Somehow, Dede, (her nickname then), Rick and I made it as a family. Dede had some interesting times in her first year. She got her first tooth at four months. Sometime later she got her head stuck between the slats of her crib, an old crib with widely spaced slats. Rick was at work, so we were home alone. I held her head and wondered if we would have to stay that way for the rest of the day; it was morning. Miraculously, her head slipped back into the baby side of the crib. We replaced that crib with a better one.

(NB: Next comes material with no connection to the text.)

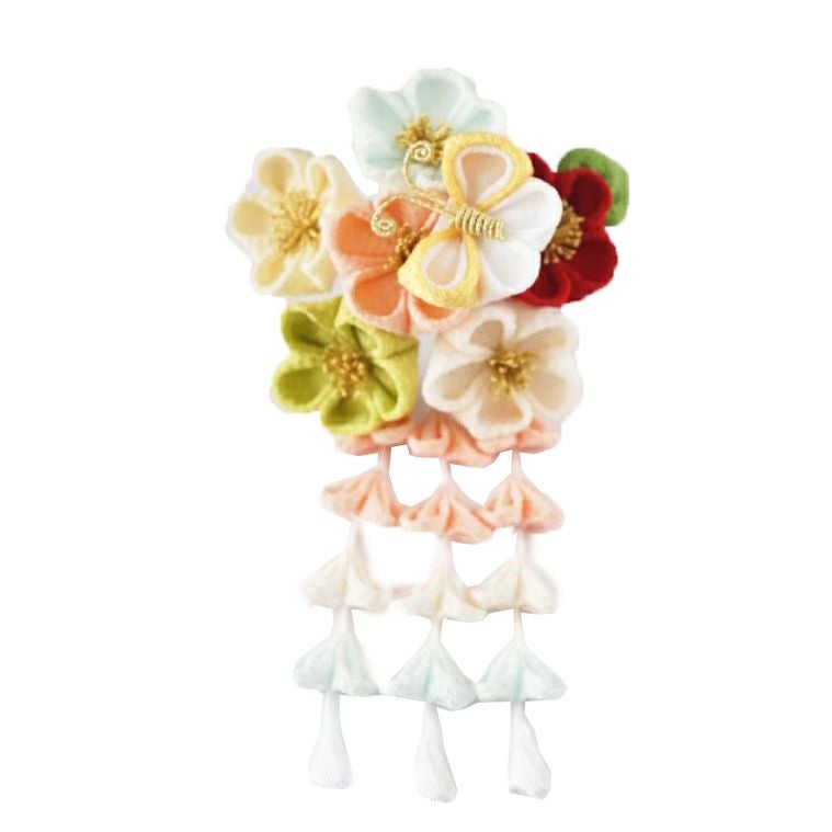 5. 蝶付き六輪梅かんざし 下がり付き (パステル)

Dede was a beautiful, bright child, interested in everything. She walked at one year and never looked back. When she started walking, she kept going. After her brother John was born, she regarded him as a new toy. When Mary came along, she was competition. Dede was more neutral about the arrivals of Libby and Sarah. School came easy, although she never studied and seldom did her assignments. She wrote perfect tests and said she didn’t need to do all that homework; she knew the material. She showed musical talent, singing around the house as a toddler and later playing piano, trumpet (briefly) and French horn. She didn’t date much as a teenager. She dated more as a student at UW-Eau Claire.
Dede married, gave birth to two wonderful daughters, Katie and Dana, got divorced, and lost daughter Katie to type one diabetes when Katie was sixteen. She gave higher education another try after having given it up sometime before she married Bill. She took up library work.
She still is interested in everything. She has long term friends. She stays connected to her family.
Happy birthday, Dede. I love you.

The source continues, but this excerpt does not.